Vijay Ghule¹, Anjali Deshpande¹, Sushma Gurwale¹, Tushar Kambale^1*, Banymeen Iqbal¹

¹Department of Pathology Dr. D.Y Patil Medical College, Hospital and Research center, Dr. D.Y Patil Vidyapeeth, Pimpri, Pune – 411018, India.

Abstract

Chondroblastoma is a rare benign appearing lesion arising in the epiphysis of long bones in skeletally immature individuals. It is a cartilage-producing neoplasm constituting < 1% of all bone tumors. A 16 years old girl presented to orthopedic OPD of tertiary care hospital with swelling of her left great toe for 3 years. The swelling was insidious at onset and gradually progressed to the present size of 3.5x2.5x2 cm. Radiographic examination shows an osteolytic lesion and coarse trabeculation in the distal phalanx of the great toe suggestive of a benign bone tumor. Histopathological examination showed classical features of chondroblastoma. Post-operative follow-up was uneventful and radiological examination was normal. Flat bones like the pelvis, ribs, vertebrae, scapula, and craniofacial bones are other uncommon locations. The tumor recurrence rate is increased when the tumor is having limited resection due to the site of the tumor. Turcotte et al. reported the highest recurrence rate of tumors in flat temporal bones with recurrence within 6 months to 8 years. Chondroblastoma, an uncommon primary bone tumor presenting at the distal phalanx of the great toe was extremely rare.

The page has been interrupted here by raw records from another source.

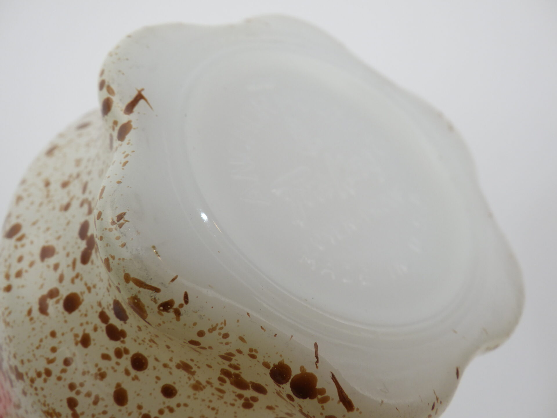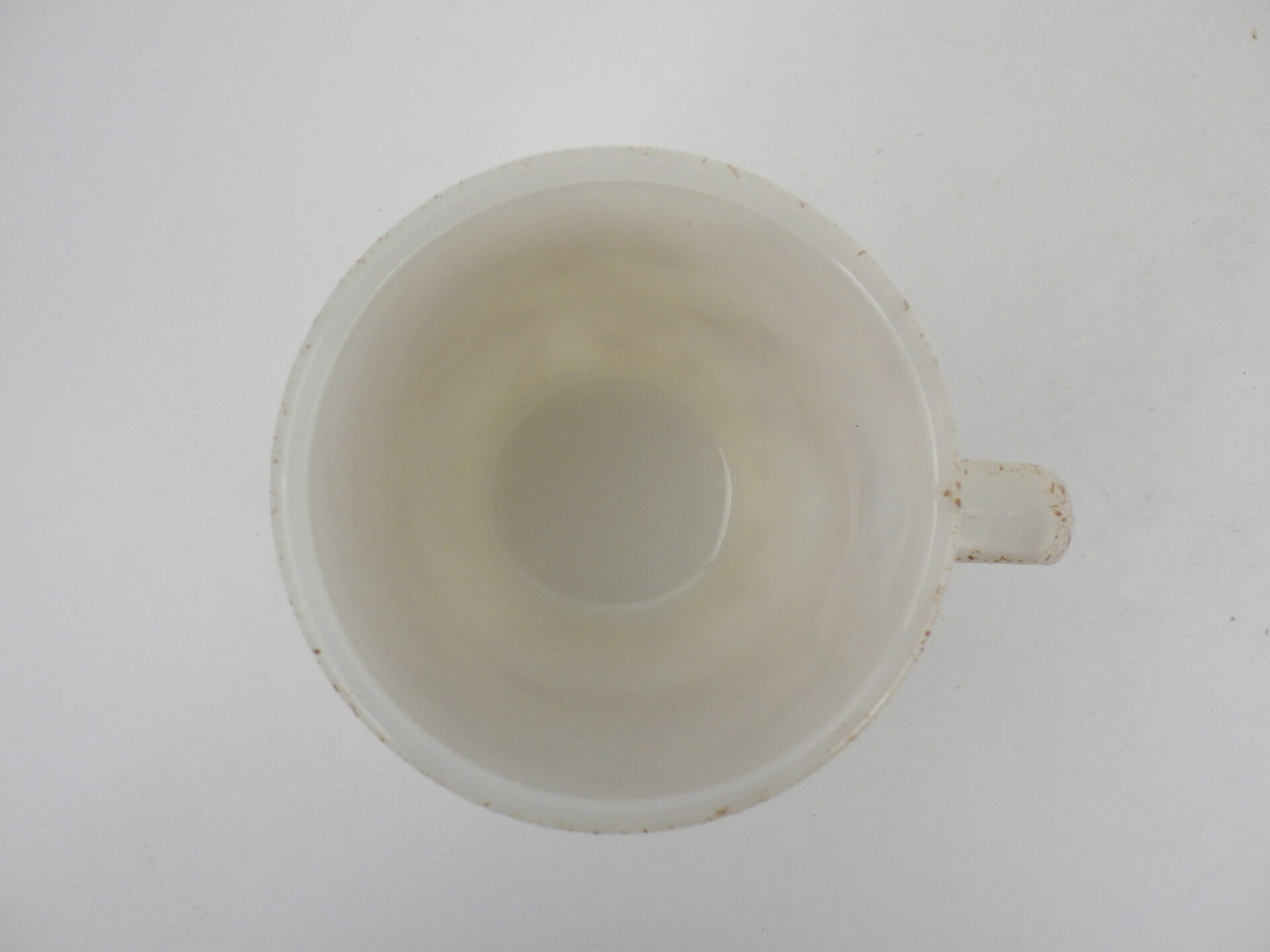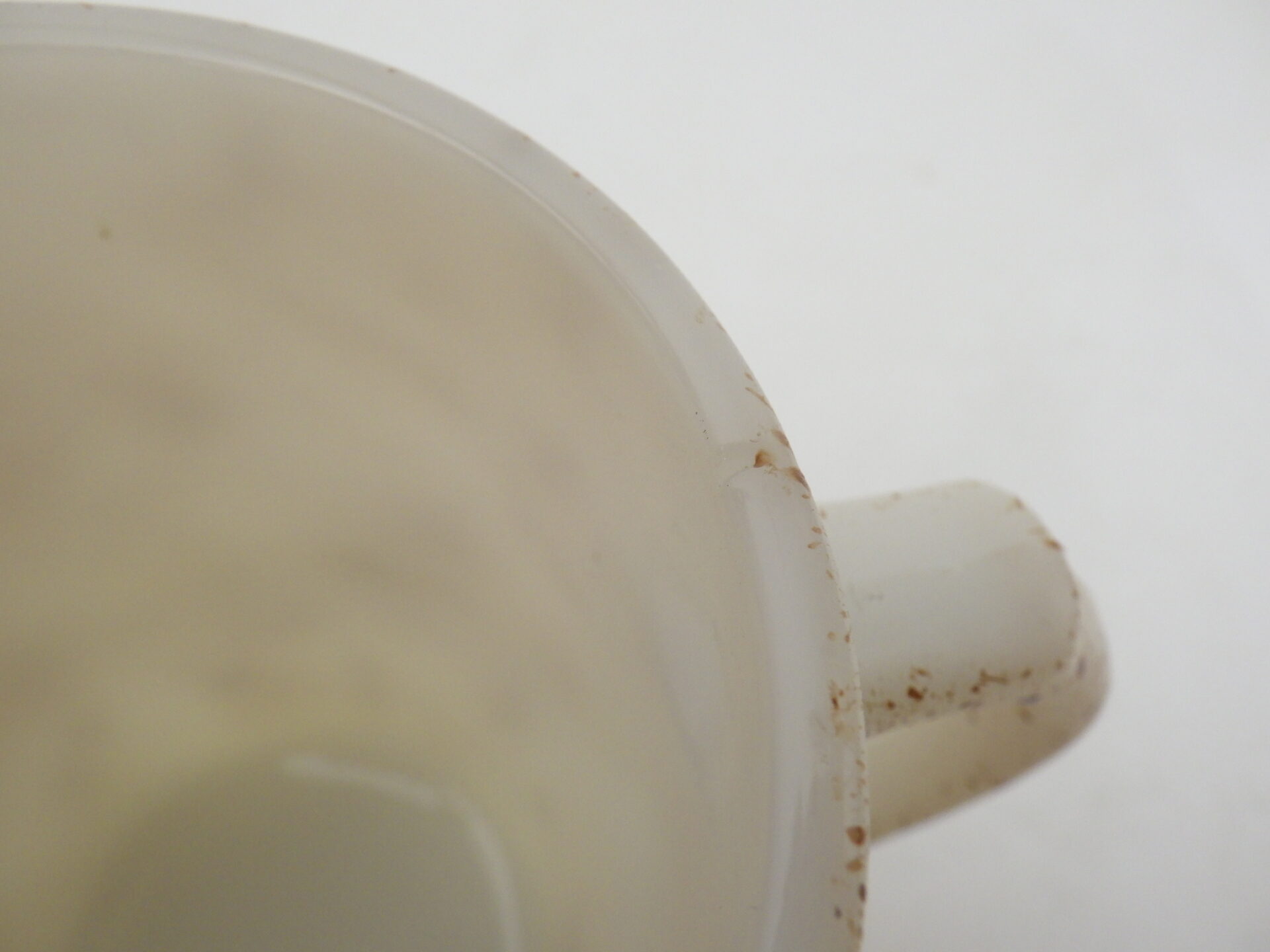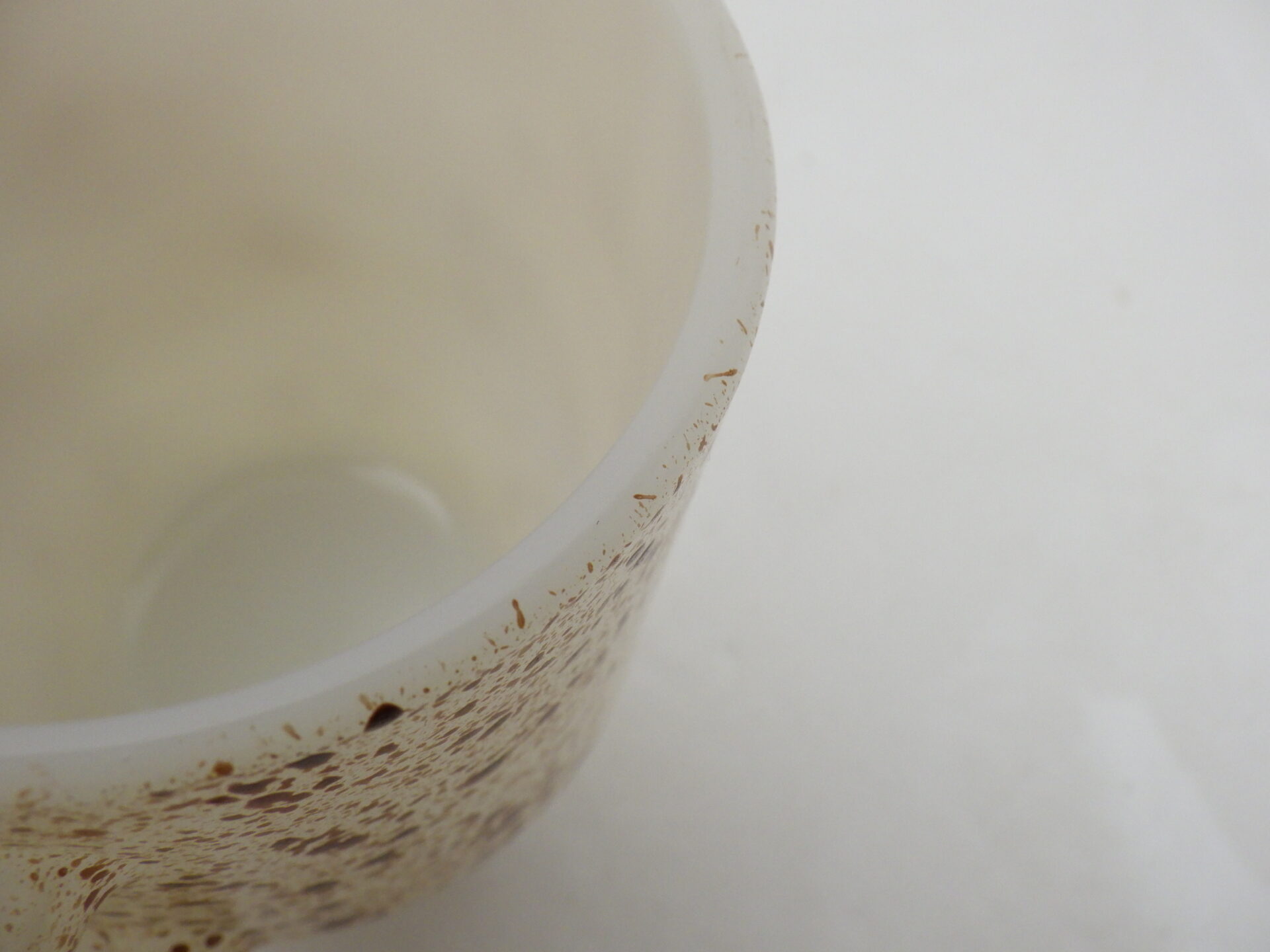| condition | リムに製造時よりの凹凸があります。 ボトムにわずかな着色があります。 ミルクガラス特有の、製造時よりのヘアライン、劣化線などがあります。 |
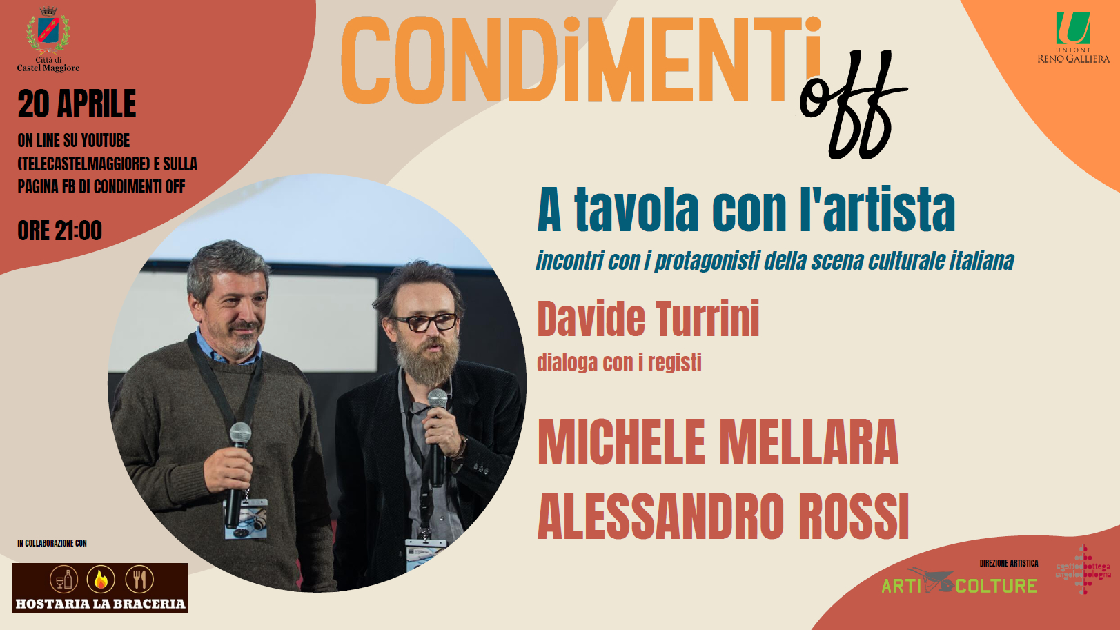 CondimentiOff torna dopo le feste pasquali con un appuntamento dedicato al cinema d’autore: sarà la volta infatti di 2 ospiti speciali, storica coppia artistica del documentario d’autore, Michele Mellara e Alessandro Rossi.
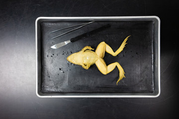 Long grey desk with microscope, scalpel, tweezers, paper with sketch of animal internal structure and plastic tray with frog for dissection
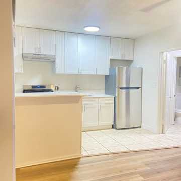 Beautifully remodeled one bedroom one bath apartment with new laminate wood floors throughout and stainless steel oven and fridge

Keywords: Chondroblastoma, Bone tumor, Distal phalanx of great toe, Osteolytic lesion

Introduction

Chondroblastoma is a rare benign appearing lesion arising in the epiphysis of long bones in skeletally immature individuals. It is a cartilage-producing neoplasm constituting < 1% of all bone tumors.^[1]It may extend into metaphysis in nearly half of cases. Chondroblastoma is uncommon in short bones of the hand and feet and arises in the phalanx.^[2]We report a case of chondroblastoma in a distal phalanx of the left great toe diagnosed on bone curettage followed by tumor excision.

Case details

A 16 years old girl presented to orthopedic OPD of tertiary care hospital with swelling of her left great toe for 3 years. The swelling was insidious at onset, and gradually progressed to the present size of 3.5x2.5x2 cm and overlying skin and nail were unremarkable. It was associated with pain on pressure. There was no history of trauma. No fever or any other co-morbidities were present. On systemic examination, no abnormality was detected. Complete blood count, Renal function tests, plasma glucose, and other routine laboratory investigations were within normal limits.

Radiographic examination shows an osteolytic lesion and coarse trabeculation in the distal phalanx of the great toe suggestive of a benign bone tumor (Figure 1).

Figure 1. A radiograph (PA and Lateral view) of the foot shows an osteolytic lesion on the distal phalanx of the left great toe.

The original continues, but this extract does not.